Tesla was recently granted permission to test FSD on Chinese streets – specifically in Shanghai. Just recently, Elon Musk visited China and discussed the potential for FSD to come to China.
This is just the first step for Tesla to begin its customer deployments of FSD – Tesla conducts similar ADAS testing in North America, where special testing vehicles and testing employees run the latest FSD (Supervised) versions against a gamut of real-world, real-life tests.
Tesla has recently been working on translating FSD release notes into multiple languages, alongside building a data center in Shanghai and establishing an FSD Operations and Labelling team at the same center. These are the first, key steps to bringing FSD to a new market that has unique and different traffic rules when compared North America.
China doesn’t have the regulatory hurdles or challenges that Tesla faces in Europe to bring FSD and has been working with Chinese corporations as well as the government, which has now provided its official approval for FSD testing in-country.

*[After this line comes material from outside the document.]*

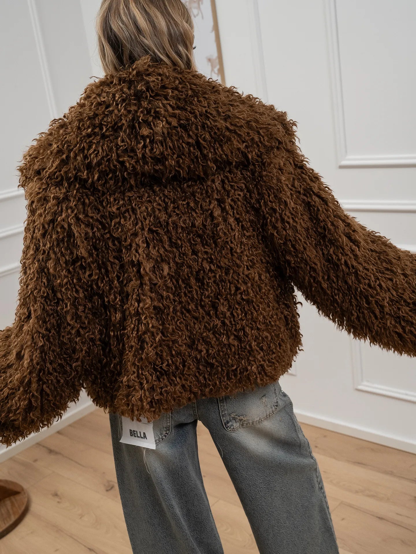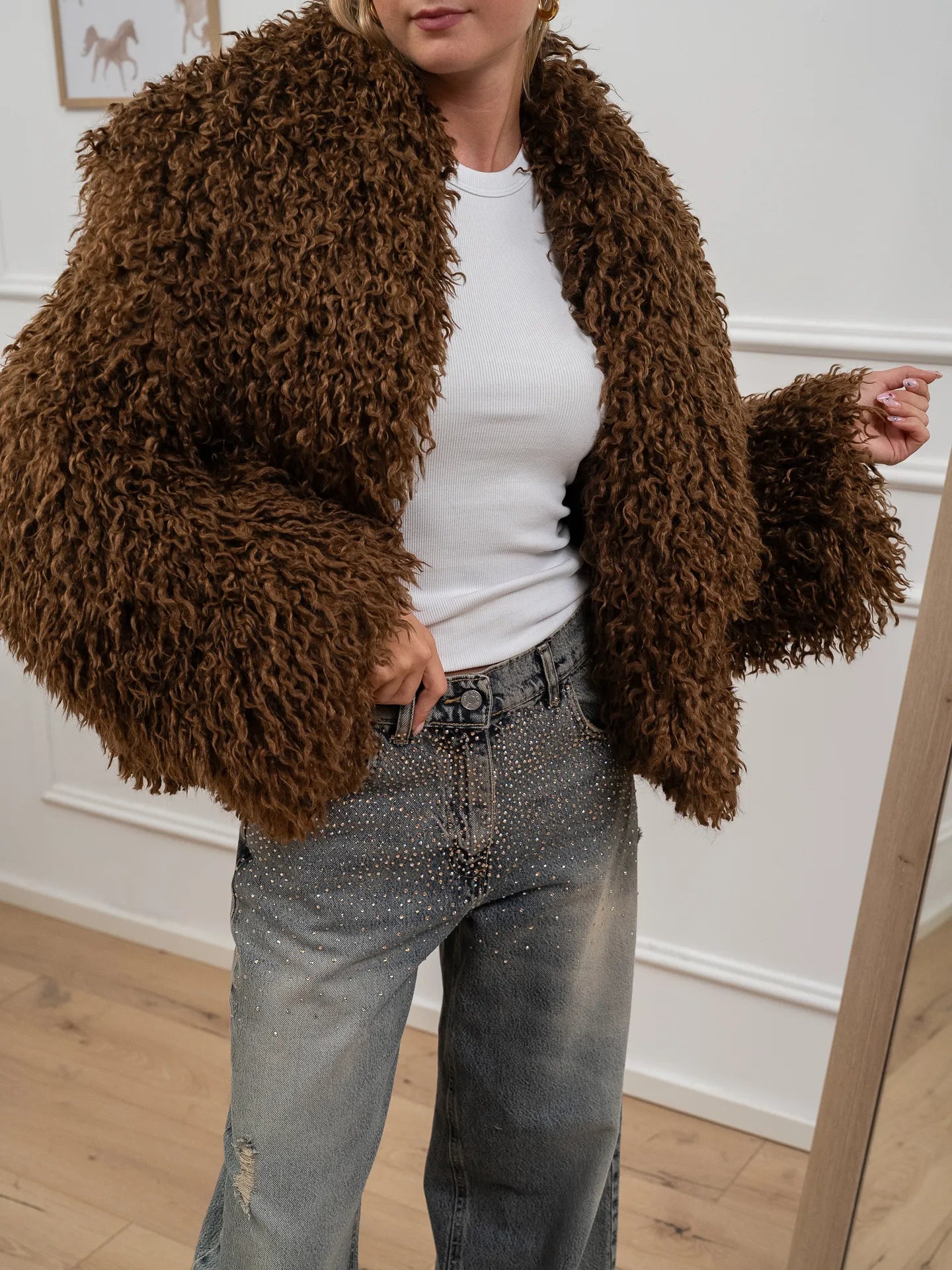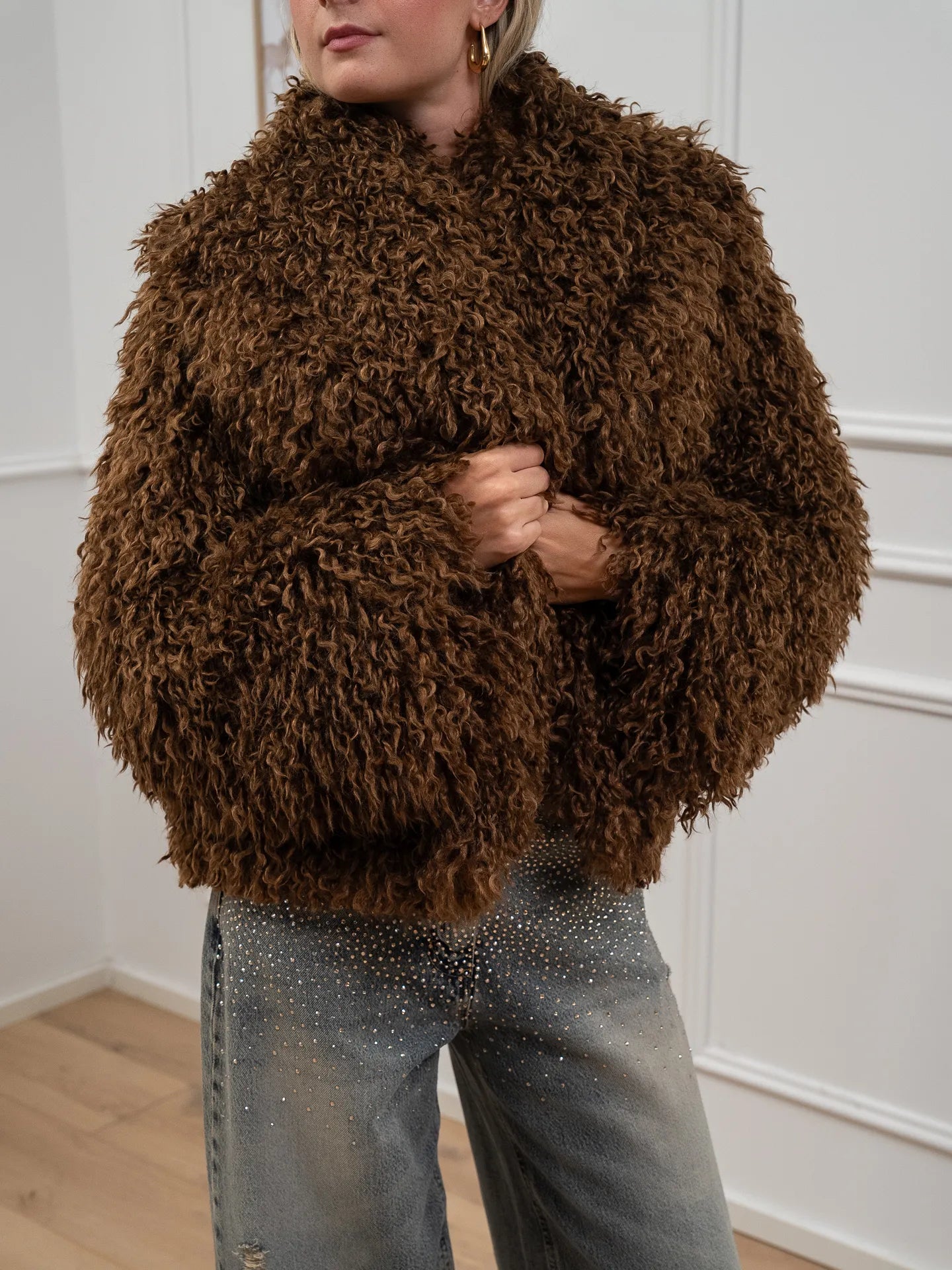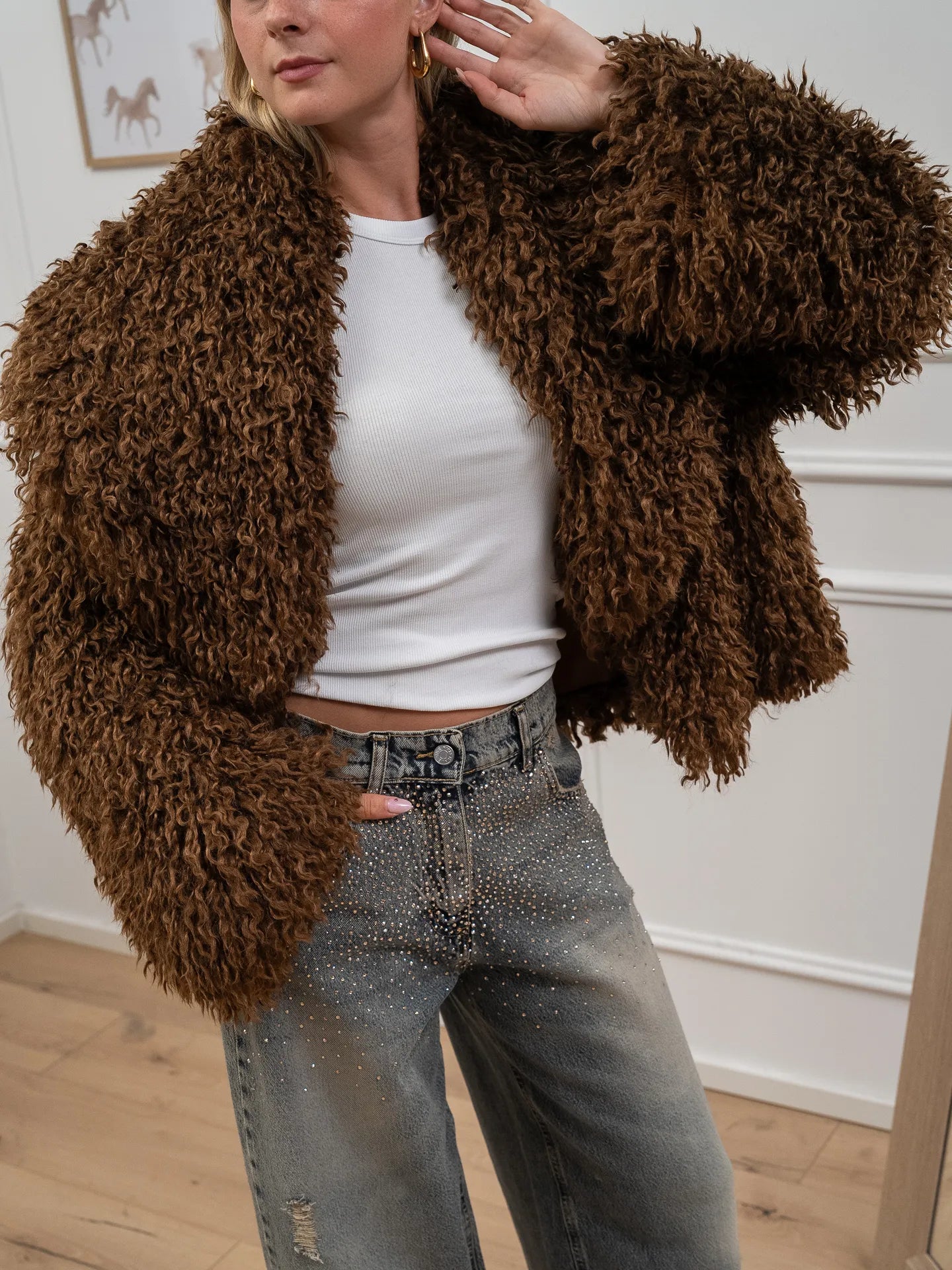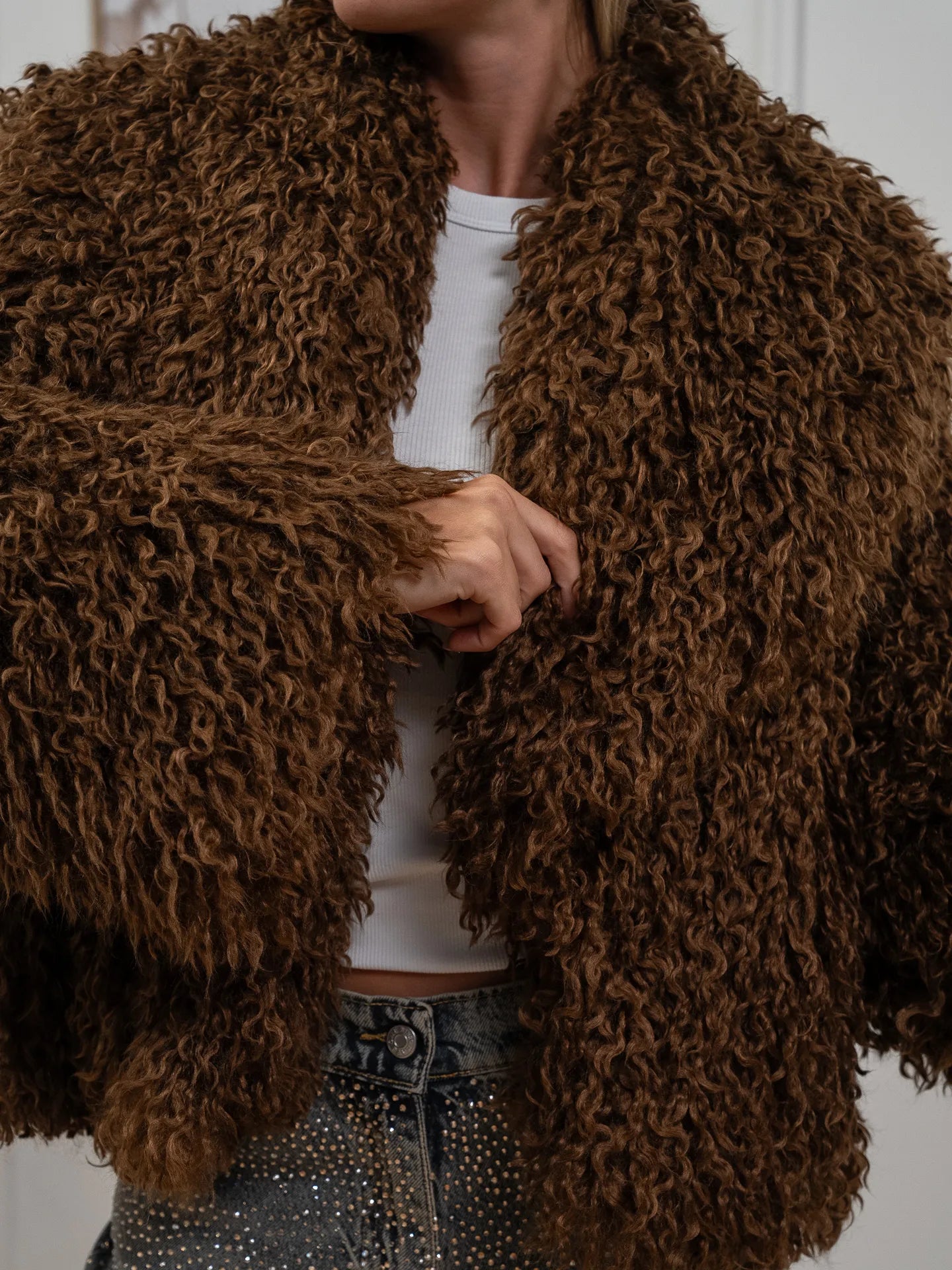 Pelliccia fluffly color tabacco HaveOne. Modello fit crop

We might even see FSD deployed to early testing customers in China by the end of 2025.
ADAS Competitors
There are quite a few competitors in the Chinese market already- with challengers like Xpeng and Xiaomi working on building their own homegrown systems, mostly driven by a mixture of cameras, radars, ultrasonic sensors, and LIDAR. However, many of these systems face similar challenges to other non-Chinese competitors and don’t have the mileage under their belts to tackle Tesla’s dominating lead in data and data processing.
European Union
Tesla is poising itself for an FSD rollout internationally, with increased testing also taking place in the UK, France, and Spain – some of the key locations with unique infrastructure in the European Union. However, some EU-specific regulations restrict how FSD can perform – each and every action must be manually approved by the driver. Until that regulation is changed to adapt to systems like FSD, it won’t be making its way there just yet.